1) Stuffing it into mutual funds was a long time strategy of PATHETIC, CORRUPT financial planners. You pay interest on the money borrowed, you pay management fees to the mutual fund company so you need to make at least 7% just to break even. Many people followed this strategy and are still paying on the debt and their money hasn't grown a dime in over 10 years. Nice idea if your a mutual fund salesman ( which is what most financial planners are ). Do not follow this strategy.
2) Put it into short term instruments. Yield right now is low so you would be running negative on the cash flow. BUT, if inflation returns and/or interest rates spike you could be yielding more on short term money than the 5% your paying. Not a bad strategy.

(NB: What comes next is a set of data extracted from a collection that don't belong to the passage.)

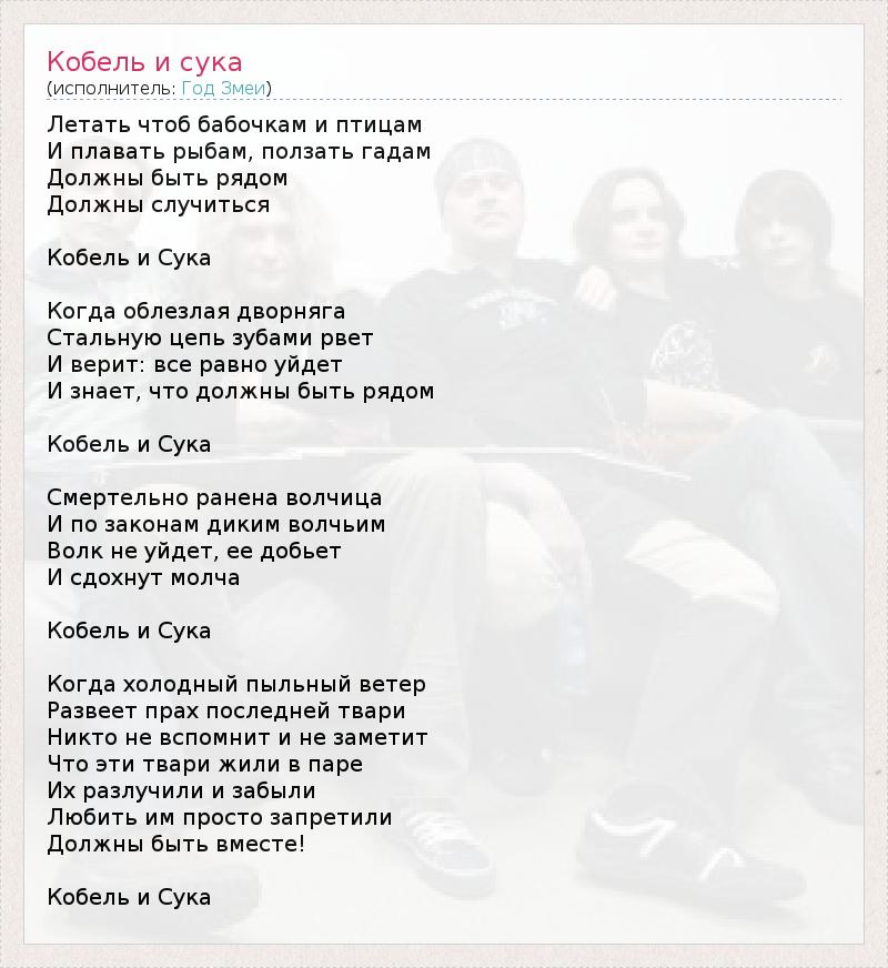 Летать чтоб бабочкам и птицам И плавать рыбам, ползать гадам Должны быть рядом Должны случиться Кобель и Сука Когда облезлая дворняга Стальную цепь зубами рвет И верит: все равно уйдет И знает, что должны быть рядом Кобель и Сука Смертельно ранена волчица И по законам диким волчьим Волк не уйдет, ее добьет И сдохнут молча Кобель и Сука Когда холодный пыльный ветер Развеет прах последней твари Никто не вспомнит и не заметит Что эти твари жили в паре Их разлучили и забыли Любить им просто запретили Должны быть вместе! Кобель и Сука
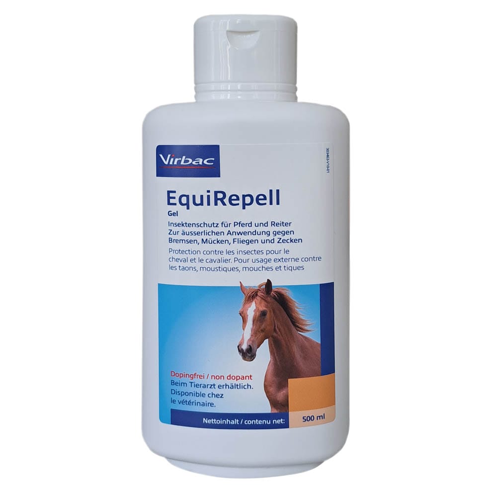 EquiRepell Gel zur äußerlichen Anwendung gegen Bremsen, Mücken, Fliegen und Zecken. Die schützende Wirkung tritt sofort ein. Die Schutzdauer kann bis zu 24 Stunden betragen; gegen Zecken bis zu 4 Stunden. Die Schutzwirkung tritt sofort ein. EquiRepell ist dopingfrei.
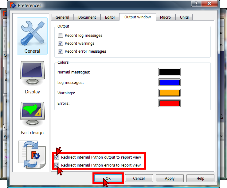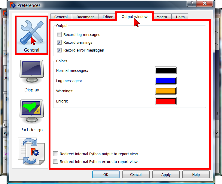 align=center|Output window preferences
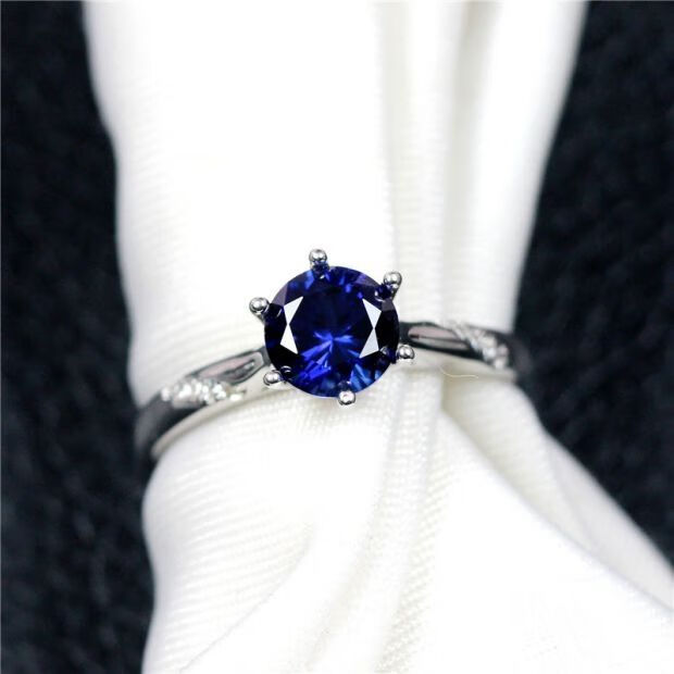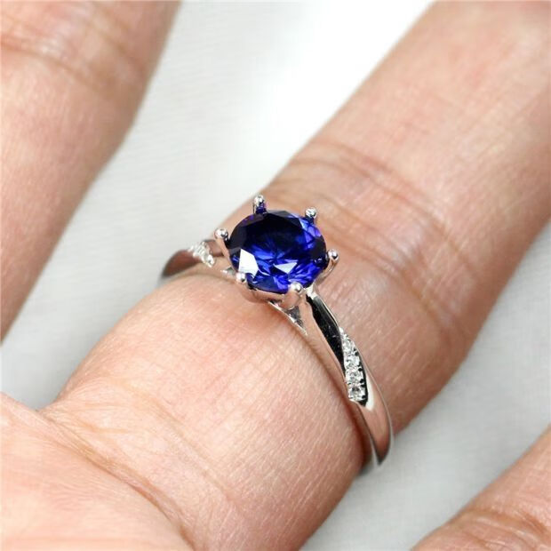 Ruoximeng 925 sterling silver tanzanite ring for women, one carat sapphire, Japanese and Korean personalized fashionable birthday gift that does not fade, sterling silver live mouth (1 carat/6.5mm) M5
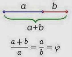 Como su nombre indica, la razón áurea phi es un cociente entre dos números. Se puede interpretar geométricamente como la relación entre dos segmentos rectos (a y b) tal que la longitud del segmento largo (a) dividido por el corto (b) es también igual al cociente entre la suma de los dos (a + b) dividida por el segmento largo (a), tal como expresa la siguiente figura.

3) I suggest spreading into several asset classes weighted mostly to commodities. How long do you think oil will be below $50 per barrel when the many producers require $75+ to break even? You can diversify your money using ETF's. I would avoid buying stocks in oil producers or gold miners, etc. Too much risk of something happening to a single company. Concentrate on the physical commodity, not the producer. Look at oil, gold and other metals, grains, soft commodities such as sugar, cocoa. What is the worst that can happen? These commodities may decline but how far? Some are near 10 year lows, can they really go down much further? Remember, this is real stuff. Stuff we use every day, not some peice of paper that is supposed to represent a percentage ownwership in some company. You can't eat paper but you do eat corn, you do drive a car, etc. Now don't get the impression that I am some commodity nut like Jim Rogers. I woul never suggest going " all-in " on anything. But adding a portfolio of real, hard assets to your holdings will stand you well over time. Heck, you can even look at real estate as a real asset, just make sure your not overpaying for it.